(WORK TO BE COMPLETED) The pictures must be left out, while the rest of the data is copied exactly.

DATA SECTION Block Start

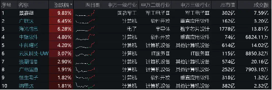 图:中证信创指数涨幅前10大成份股
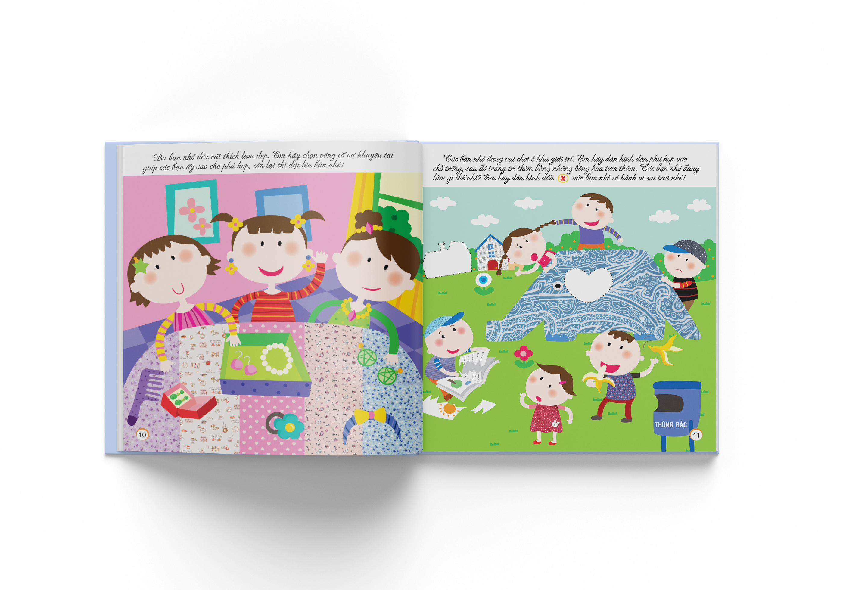 Chủ đề thứ ba,Phát triển chỉ số sáng tạo (CQ),hứa hẹn sẽ đem đến các bài tập mới mẻ hơn cả khi trẻ được dán những chiếc thuyền nhiều màu sắc trên mặt nước, giúp chị em My trồng rau, dán những ngôi nhà xinh xắn lên bãi cỏ để thành phố thêm đẹp và đông vui, dùng họa tiết trang trí cho chiếc váy thêm đẹp, cùng chơi trò thổi bong bóng. Trẻ còn có thể giúp bạn xâu một chiếc vòng cổ xinh xắn để tặng mẹ từ những vỏ sò, vỏ ốc nhặt được, trang trí thêm vảy cho những chú cá đáng yêu hay thám hiểm vũ trụ kì thú và dùng trí tưởng tượng cùng các miếng dán để trang trí cho không trung thêm đẹ
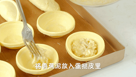 3、蛋挞皮微微解冻后撕去外层锡纸,每个蛋挞皮里放入一勺香蕉芝士馅

DATA SECTION Block End

(FINAL ANSWER)
 图:中证信创指数涨幅前10大成份股
 Chủ đề thứ ba,Phát triển chỉ số sáng tạo (CQ),hứa hẹn sẽ đem đến các bài tập mới mẻ hơn cả khi trẻ được dán những chiếc thuyền nhiều màu sắc trên mặt nước, giúp chị em My trồng rau, dán những ngôi nhà xinh xắn lên bãi cỏ để thành phố thêm đẹp và đông vui, dùng họa tiết trang trí cho chiếc váy thêm đẹp, cùng chơi trò thổi bong bóng. Trẻ còn có thể giúp bạn xâu một chiếc vòng cổ xinh xắn để tặng mẹ từ những vỏ sò, vỏ ốc nhặt được, trang trí thêm vảy cho những chú cá đáng yêu hay thám hiểm vũ trụ kì thú và dùng trí tưởng tượng cùng các miếng dán để trang trí cho không trung thêm đẹ
 3、蛋挞皮微微解冻后撕去外层锡纸,每个蛋挞皮里放入一勺香蕉芝士馅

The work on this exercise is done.